**Records from a data source**
-=-=-

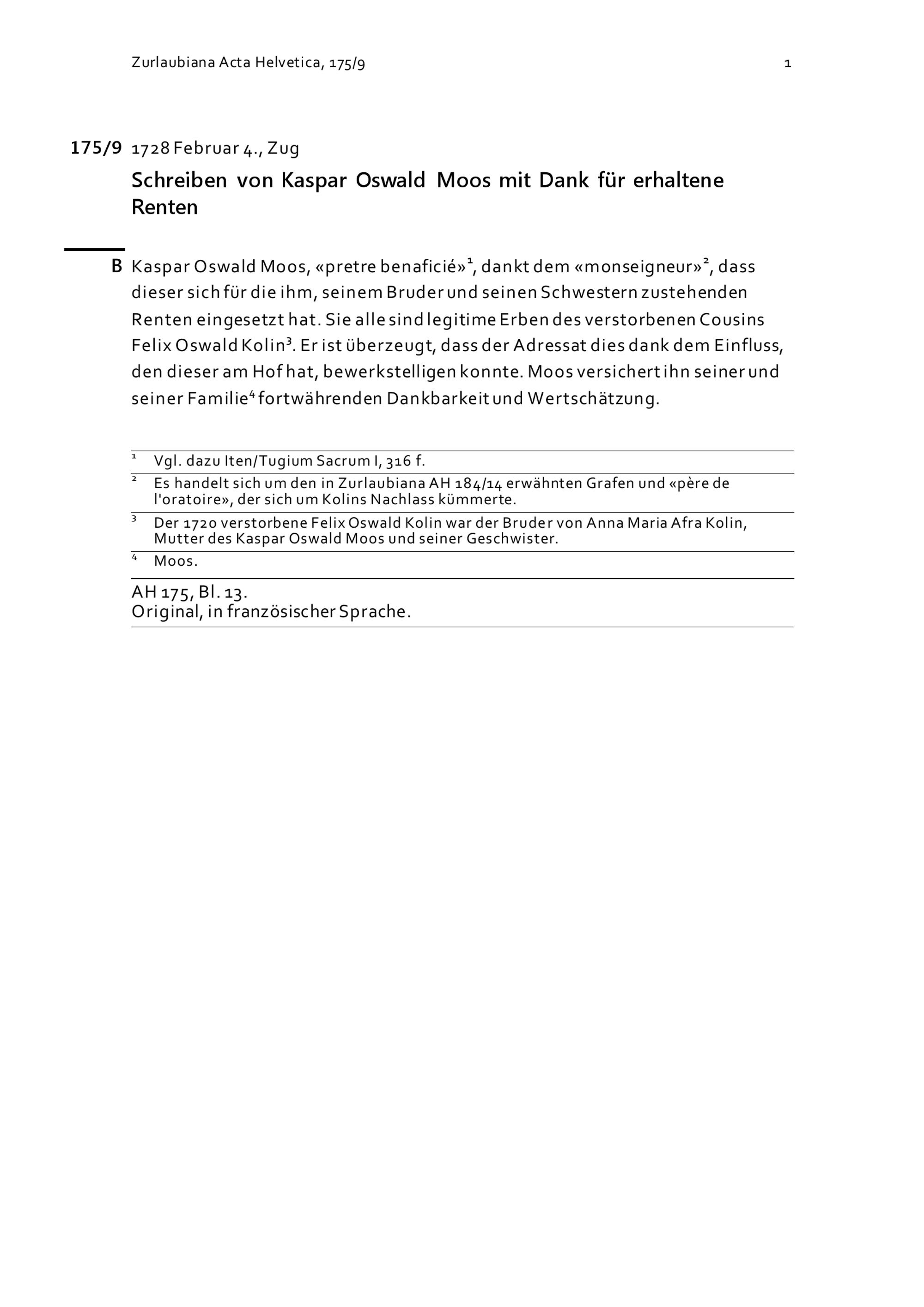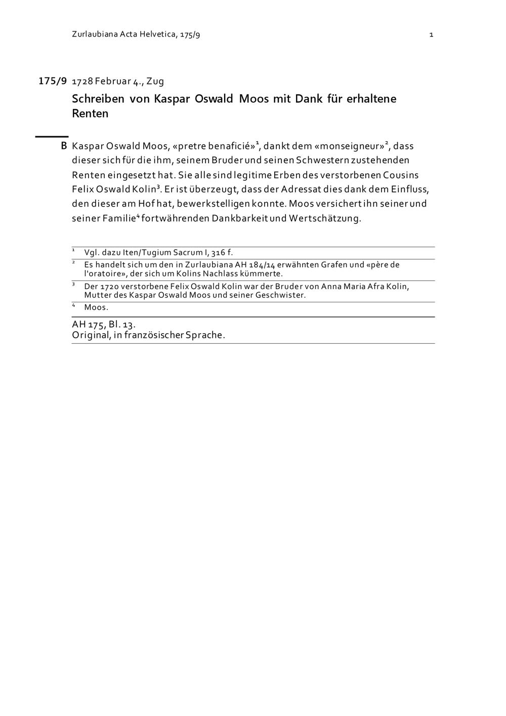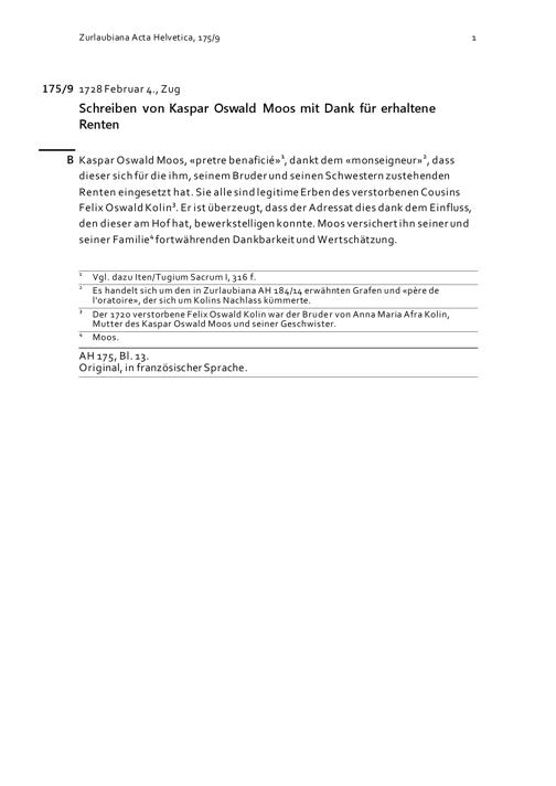 Schreiben von Kaspar Oswald Moos mit Dank für erhaltene Renten
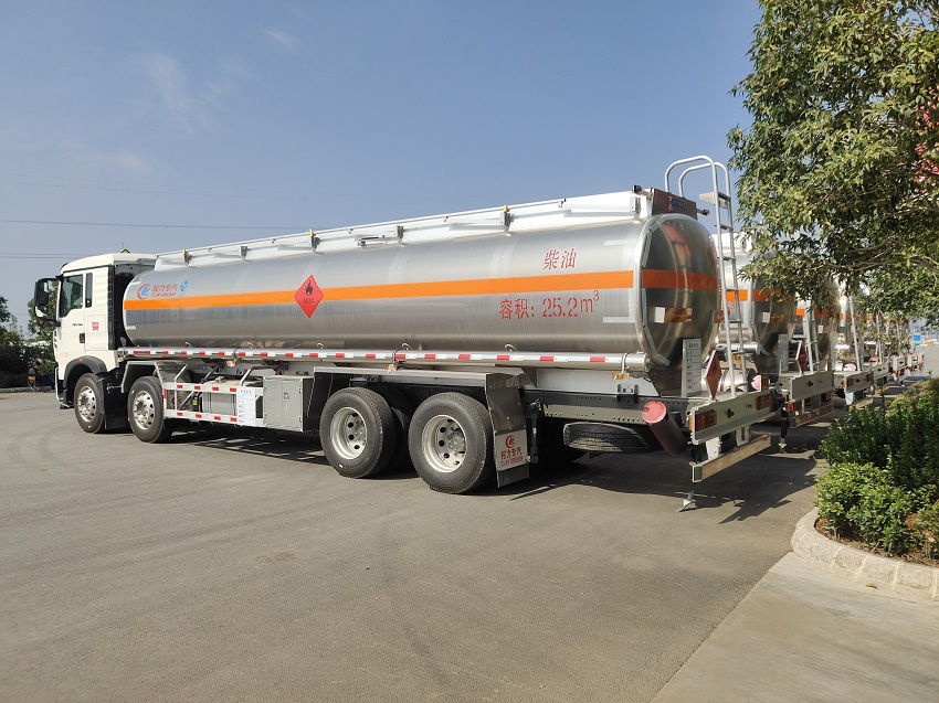 重汽豪沃铝合金运油车,重汽豪沃T5G底盘,德国曼发动机340马力,6T双前桥(德国曼桥),11T双后桥(德国曼桥),豪沃10档变速箱,气囊减震,带前盘、限速、ABS,行车记录仪,空调,295真空胎。公告容积:25.2立方,单仓,带泵(泵进泵出),罐检出柴油介质,带一套欧标系统(两个欧式罐口、紧急切断阀、防溢漏报警装置、海底阀、下装口、油气回收,海底阀自动开关)。罐顶带升降护栏,其他厂家标配。供方提供上户所有手续(上户发票,合格证,罐检报告)。
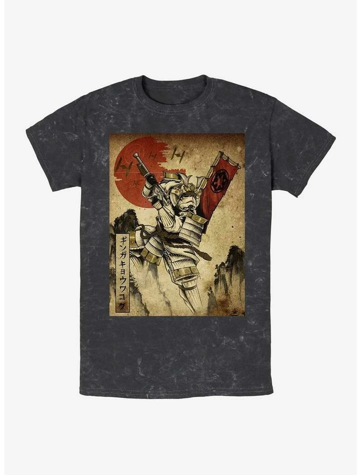 Feudal Japan meets a galaxy far, far away. This black mineral washed Star Wars tee features an image of an Ashigaru Stormtrooper.
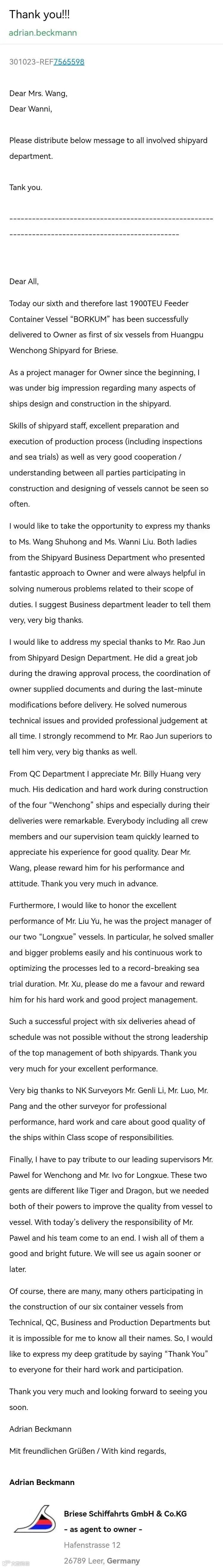 近日,公司收到来自德国BRIESE公司的感谢信。
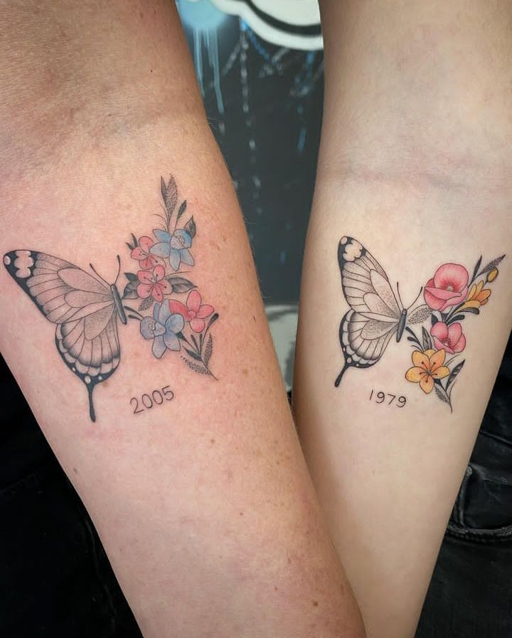 Three little butterflies fluttering up the wrist can say so much about how your relationship has grown—one stage for childhood, one for all those in-between years, and one for the woman she’s becoming. The movement in the wings gives these mother-daughter tattoo ideas a light, airy feel, almost like the two of you are always in motion together, even when life pulls you in different directions. It’s subtle, graceful, and still wonderfully matching.
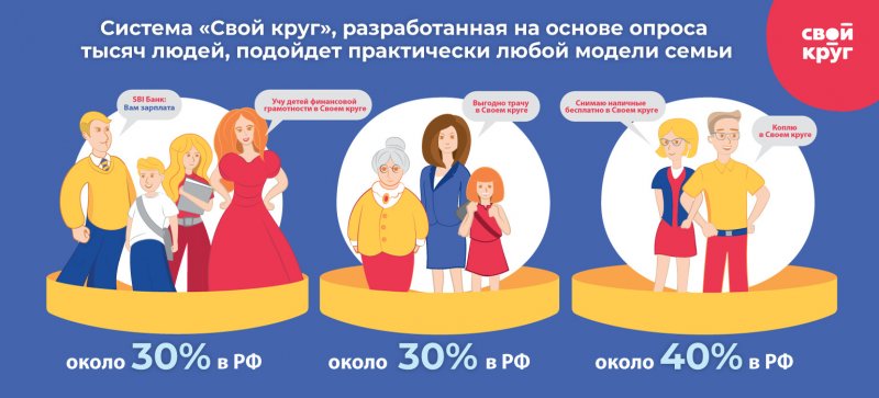 Перед тем как создать «Свой круг», SBI Банк провел масштабные исследования и опросил тысячи людей по всей России. Банк выяснил, как люди копят и тратят деньги, на чем экономят, какие возникают трудности при планировании общего бюджета, как дети расходуют свои первые накопления и т. д. Поэтому система подойдет практически любой модели семьи.
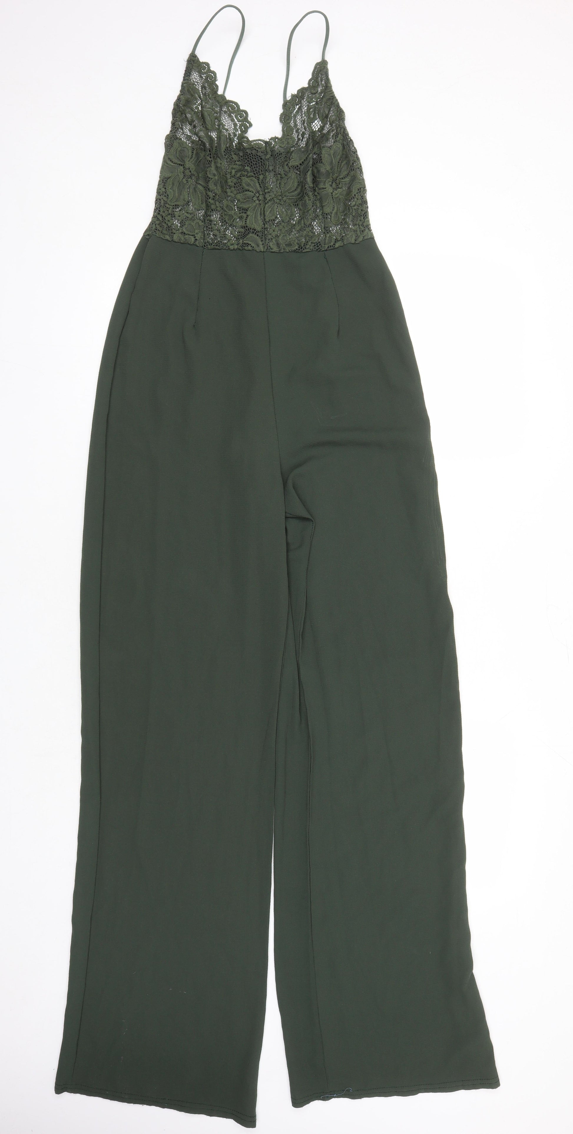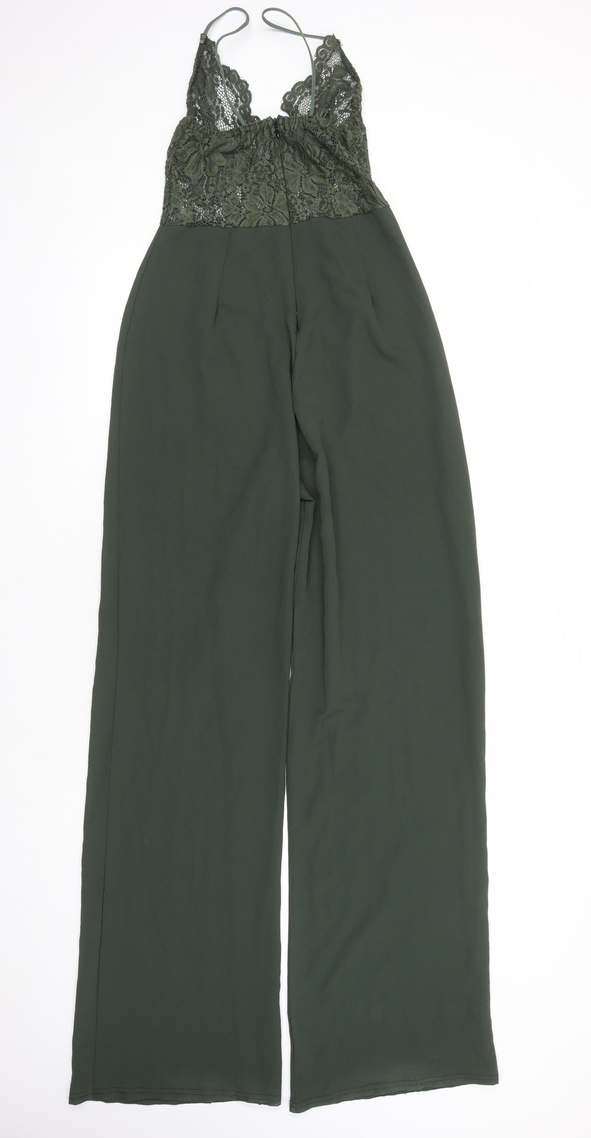 PRETTYLITTLETHING Womens Green Polyester Jumpsuit One-Piece Size 10 L31 in Zip - Lace Detail
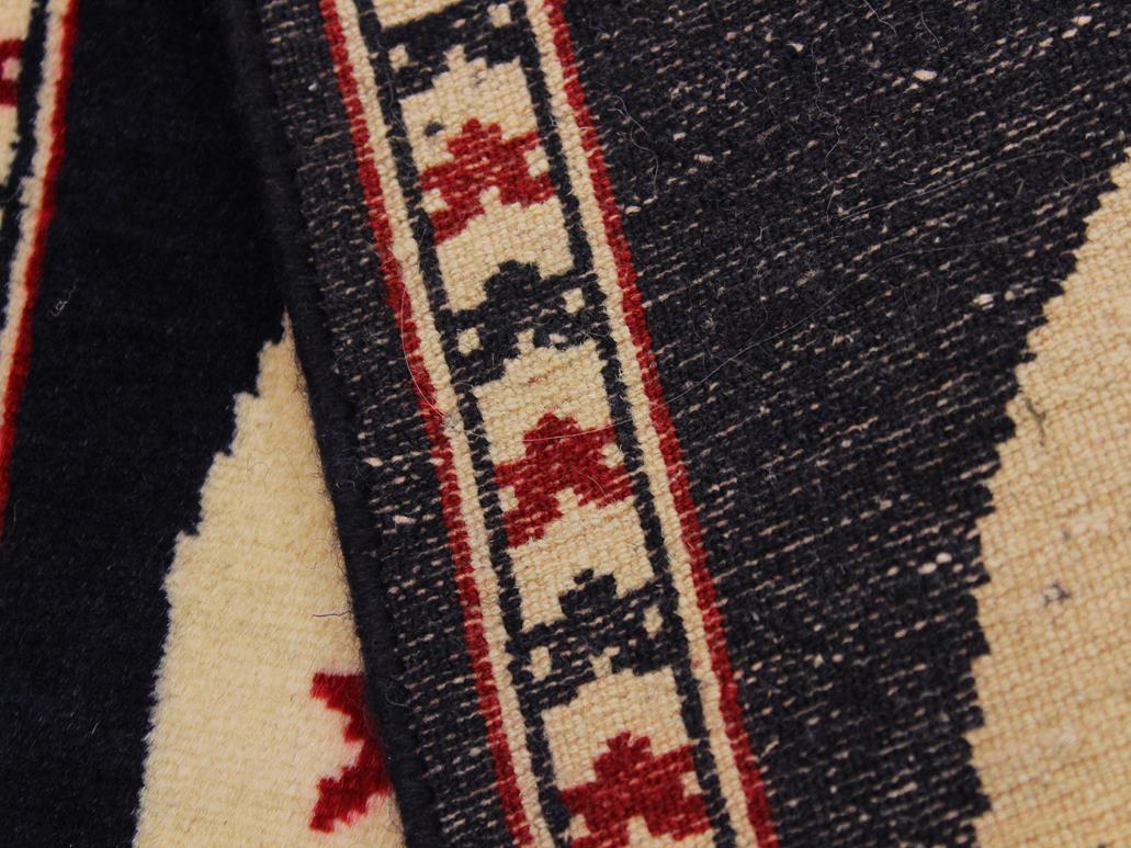 Decorate your home with this one-of-a-kind luxuriously hand-knotted Bokhara rug. Designed with mesmerizing intricacy and gorgeous color palette, this masterpiece is defined by symmetrical patterns of repeated oval and diamond-shaped motifs. Handmade in a versatile intricate pattern in a unique color combination, this rug is most popular for its soft, luxurious feel, heavy pile, attractive colors, appearance, durability, and affordability. Made with finest handspun New Zealand wool in a unique octagonal motif also referred to as Elephant’s foot. The luxurious wool construction with a transitional geometric design meshes with classic to contemporary decors seamlessly.

-=-=-

**YOUR INSTRUCTIONS**
The data must be printed exactly, image-free.

**RESPONSE TO THIS TASK**
 Schreiben von Kaspar Oswald Moos mit Dank für erhaltene Renten
 重汽豪沃铝合金运油车,重汽豪沃T5G底盘,德国曼发动机340马力,6T双前桥(德国曼桥),11T双后桥(德国曼桥),豪沃10档变速箱,气囊减震,带前盘、限速、ABS,行车记录仪,空调,295真空胎。公告容积:25.2立方,单仓,带泵(泵进泵出),罐检出柴油介质,带一套欧标系统(两个欧式罐口、紧急切断阀、防溢漏报警装置、海底阀、下装口、油气回收,海底阀自动开关)。罐顶带升降护栏,其他厂家标配。供方提供上户所有手续(上户发票,合格证,罐检报告)。
 Feudal Japan meets a galaxy far, far away. This black mineral washed Star Wars tee features an image of an Ashigaru Stormtrooper.
 近日,公司收到来自德国BRIESE公司的感谢信。
 Three little butterflies fluttering up the wrist can say so much about how your relationship has grown—one stage for childhood, one for all those in-between years, and one for the woman she’s becoming. The movement in the wings gives these mother-daughter tattoo ideas a light, airy feel, almost like the two of you are always in motion together, even when life pulls you in different directions. It’s subtle, graceful, and still wonderfully matching.
 Перед тем как создать «Свой круг», SBI Банк провел масштабные исследования и опросил тысячи людей по всей России. Банк выяснил, как люди копят и тратят деньги, на чем экономят, какие возникают трудности при планировании общего бюджета, как дети расходуют свои первые накопления и т. д. Поэтому система подойдет практически любой модели семьи.
 PRETTYLITTLETHING Womens Green Polyester Jumpsuit One-Piece Size 10 L31 in Zip - Lace Detail
 Decorate your home with this one-of-a-kind luxuriously hand-knotted Bokhara rug. Designed with mesmerizing intricacy and gorgeous color palette, this masterpiece is defined by symmetrical patterns of repeated oval and diamond-shaped motifs. Handmade in a versatile intricate pattern in a unique color combination, this rug is most popular for its soft, luxurious feel, heavy pile, attractive colors, appearance, durability, and affordability. Made with finest handspun New Zealand wool in a unique octagonal motif also referred to as Elephant’s foot. The luxurious wool construction with a transitional geometric design meshes with classic to contemporary decors seamlessly.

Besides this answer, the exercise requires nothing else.